I haven’t posted a rant or a rave in many years. But man, oh, man, if ever there was a time in the history of the Universe to post a rant, this would be it.

I left NYC on March 13 for a normal weekend at my house up in the Catskills. Little did I know what was about to come down. The Spring up here in the mountains was long and cold. Unusually so. Time slowed down as the days slipped by. Disoriented and scared I  tried, like so many, to wrap my head around what was happening in the world. Jobs disappeared as the art world closed down and everyone hunkered down, just trying to be safe and be sure that those we loved were safe.

My studio here in Shokan NY is in the stable of an old barn. It’s a Summer studio, not heated and it was cold. But I cranked up the music, put on five or so layers of clothing ( no exaggeration) and even if I couldn’t make anything, I forced myself to spend the day out of the house and in the studio. Slowly, drawings began to emerge. For the first time I was making work that was more directly autobiographical than ever before.It was unsettling. but then again everything was unsettling.
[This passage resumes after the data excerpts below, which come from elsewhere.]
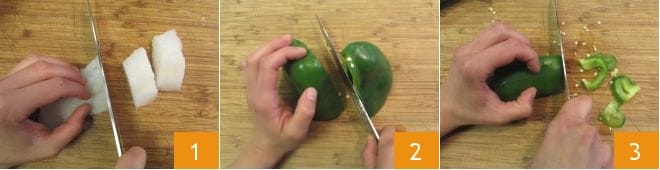 To prepare the cod with peppers, first cut the already desalted cod fillets into coarse pieces 1, then take care of the other ingredients needed for the recipe: cut the green pepper in half 2 and remove the seeds and inner filaments, then slice it into strips 3. Do the same with the other peppers: you will need a total of 150 grams (5.3 oz).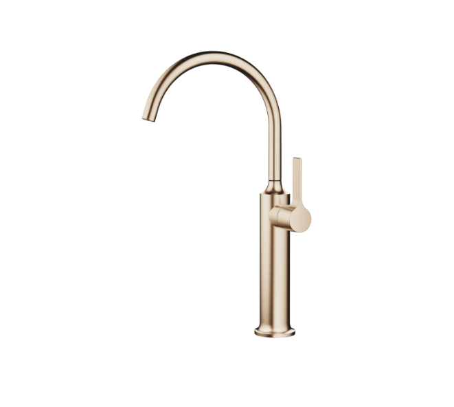 Смеситель для раковины, Dornbracht, Vaia, тип открывания воды-однорычажный, тип регулирования воды-керамический картридж, монтаж-на раковину/столешницу, отверстия для монтажа-1, высота, мм-414, вынос излива, мм-201, тип излива-поворотный, донный клапан-отсутствует, тип подводки-гибкая, стандарт подвода воды-3/8", цвет-шампань сатинированная Смеситель для раковины, Dornbracht, Vaia, цвет-шампань сатинированная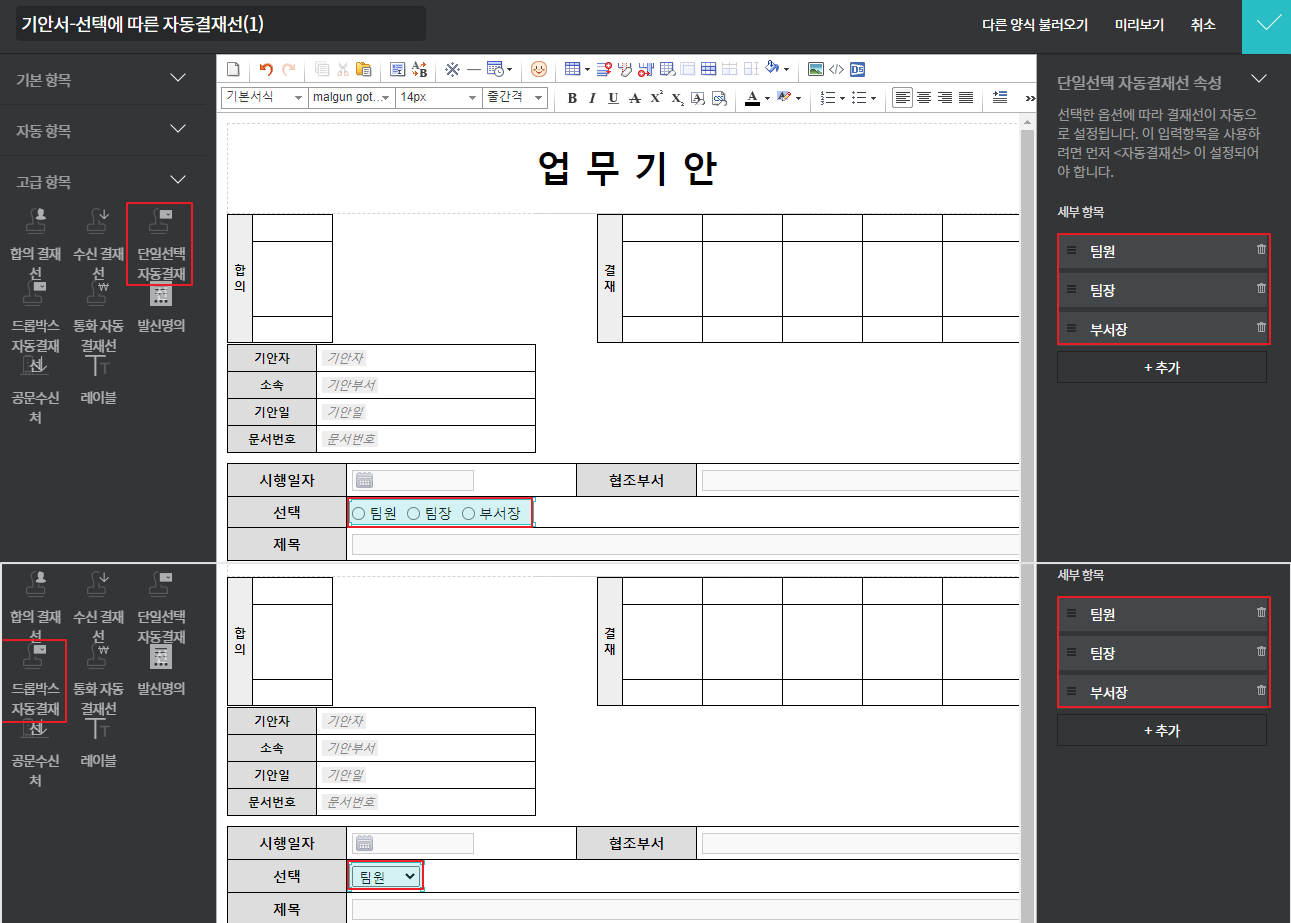 ④ 단일선택 자동결재선 or 드롭박스 자동결재선 추가 및 클릭 ▷ 세부항목 설정
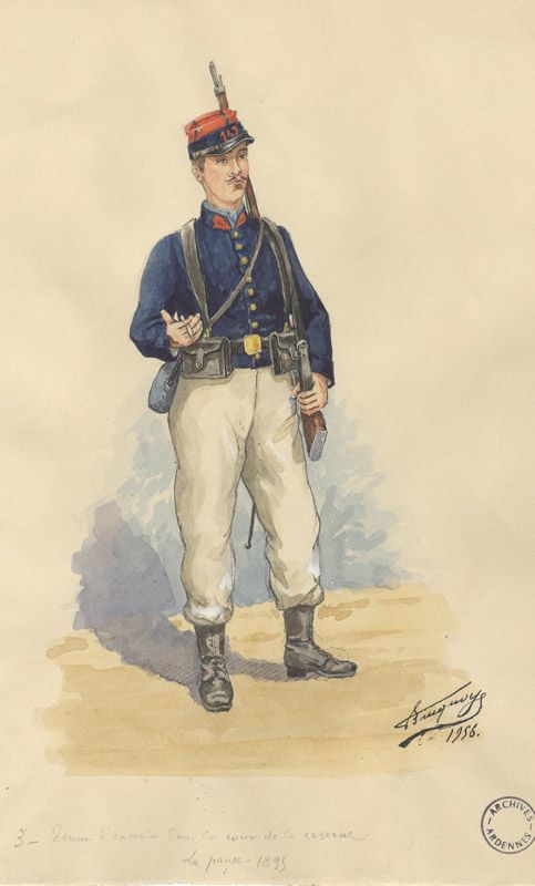 Soldat du 147e régiment d'infanterie (1895) Planche 7 Les soldats portent rarement la grande tenue. La veste de l’Ancien Régime, tout en disparaissant de la grande tenue depuis 1813, reste le vêtement le plus courant des hommes de troupes. Elle est portée ici avec un pantalon de treillis blanc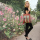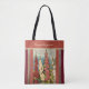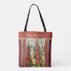 Esta elegante bolsa de tote de vintage apresenta trabalho de arte de pacote de sementes de vintage de hollyhocks de um pacote de sementes de Farquhar de 1902, com cor vermelha, pêssego escuro e flores botânicas de creme. O nome do seu monograma está impresso no topo em uma cor de creme de ouro - digite o texto desejado na seção Personalizar. As laterais do pacote estão bordadas em um padrão de aspecto têxtil escuro, vermelho e dourado. Toda a design é impressa achatada, embora haja alguma textura falsa.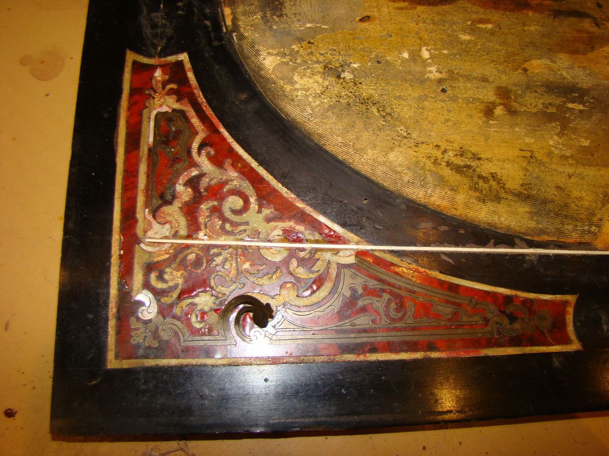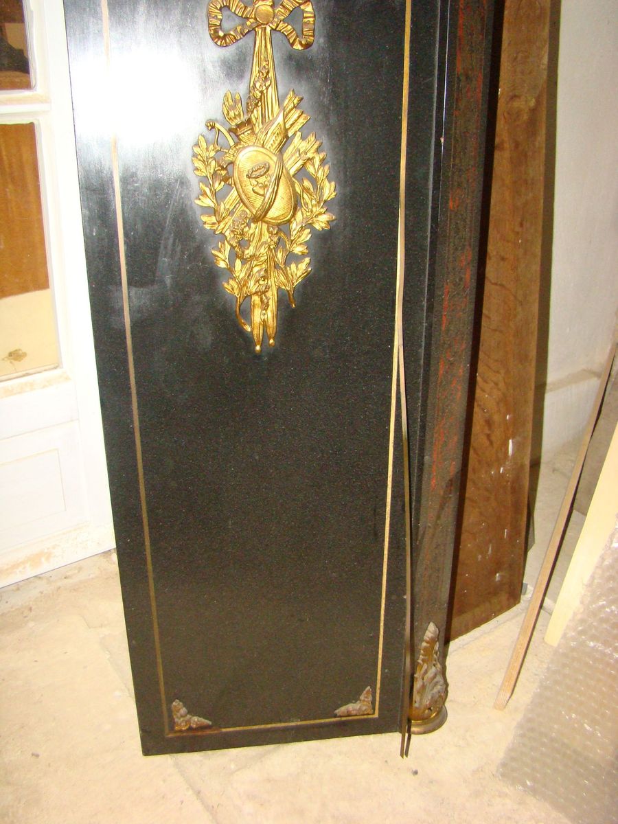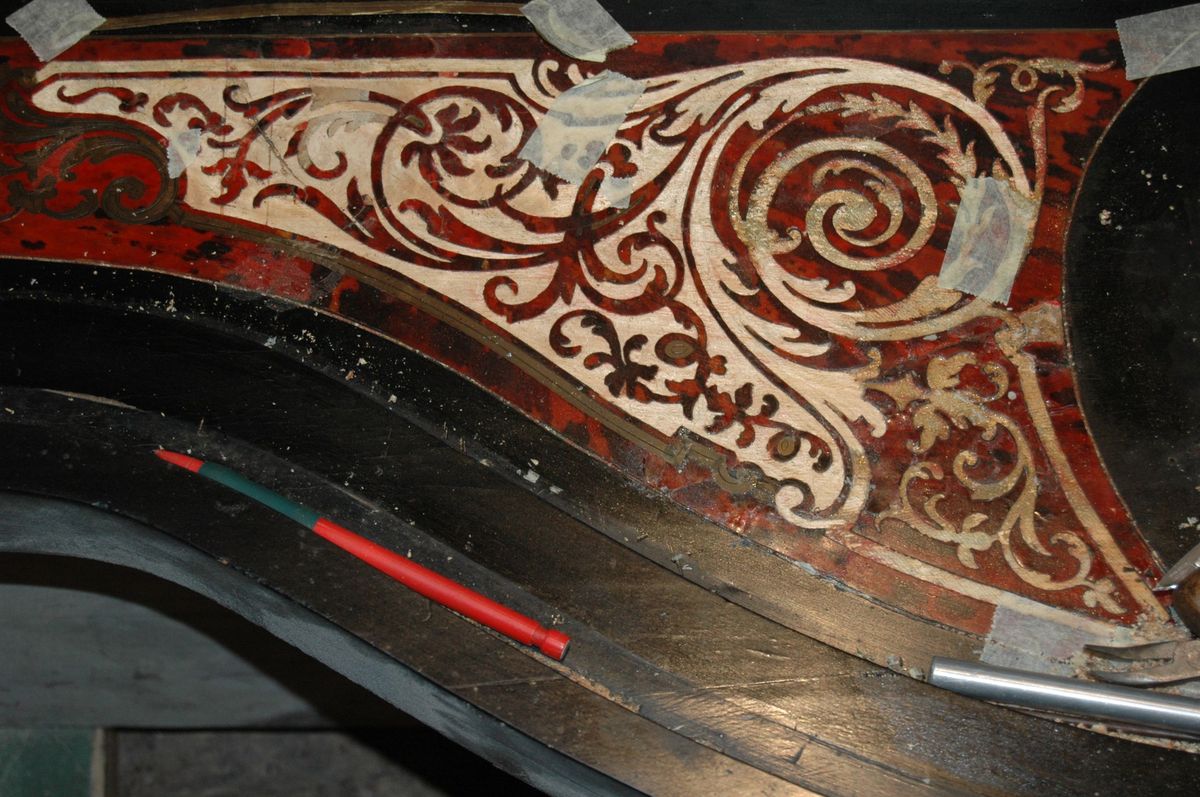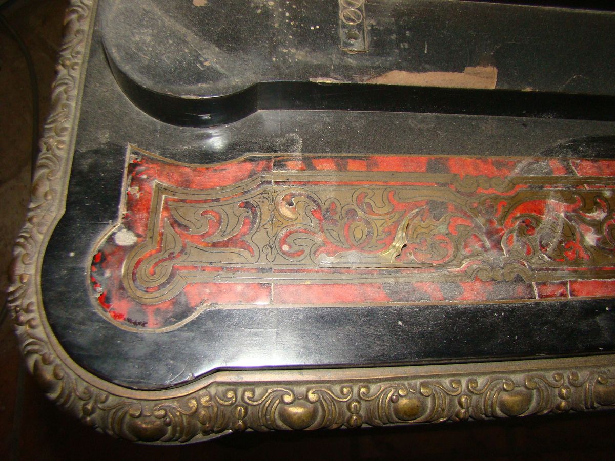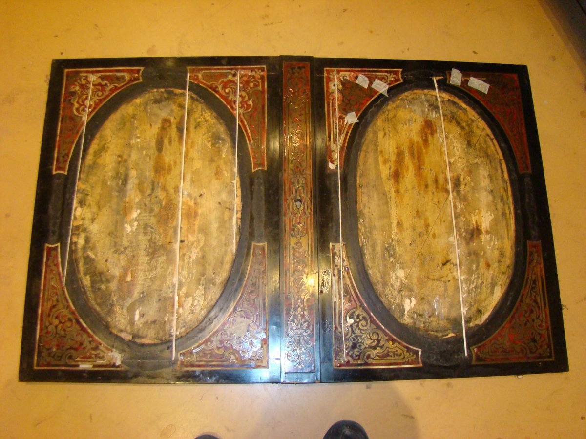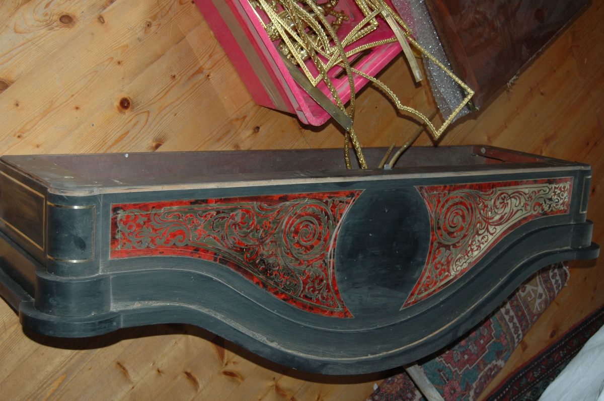 Buffet bibliothèque à deux corps de style Louis XV,d'époque Napoléon III marqueterie d'écaille sur fond rouge et laiton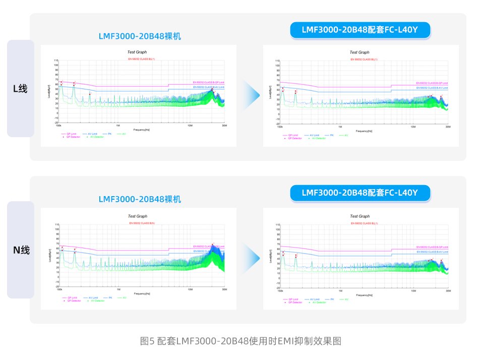 ③LMF3000-20B48配套FC-L40Y测试能满足Class B,余量有8dB以上。

Curfew 2020- paint, pastel. 20 x 17.50

Slowly I worked on pieces- drawings, sculpture and assemblage- the figures were lost, locked down, locked out, broken.. and yet they contain with a glimmer of hope.

Broken. 2020. Clay, glaze, ink, encaustic, object. 20 x 8 x 3

You don’t need me to go through the list of what has battered us this year. You know. I just wrote a huge impassioned paragraph listing every assault upon us that has happened this year (and it’s still October). I deleted it. You know, we all know……

Luckily I had a show to work towards. My solo exhibition -DOES SHE OR DOESN’T SHE? will open at Firecat Projects in Chicago on Oct. 23. (2019 N Damen Ave.,Chicago, IL 60647. see link). I had deadlines and people who were waiting for me to finish new work. It’s been a godsend, and I am deeply grateful to the gallery and Stan Klein.

I will go to Chicago. I hope that people come to see the show. I hope that we win and win big in November. I hope that a safe vaccine is found quickly and I hope that the brutality and hatred that has been unleashed in America will somehow be contained….. that’s alot to hope for. But I’ve always been an optimistic pessimist.

Eight months later,and I’m still in the Catskills. Trips to NYC once a month to pick up mail, art supplies have shown me that my beloved city is bent but not broken.

And the beat goes on…….

Good night and sweet dreams to you all.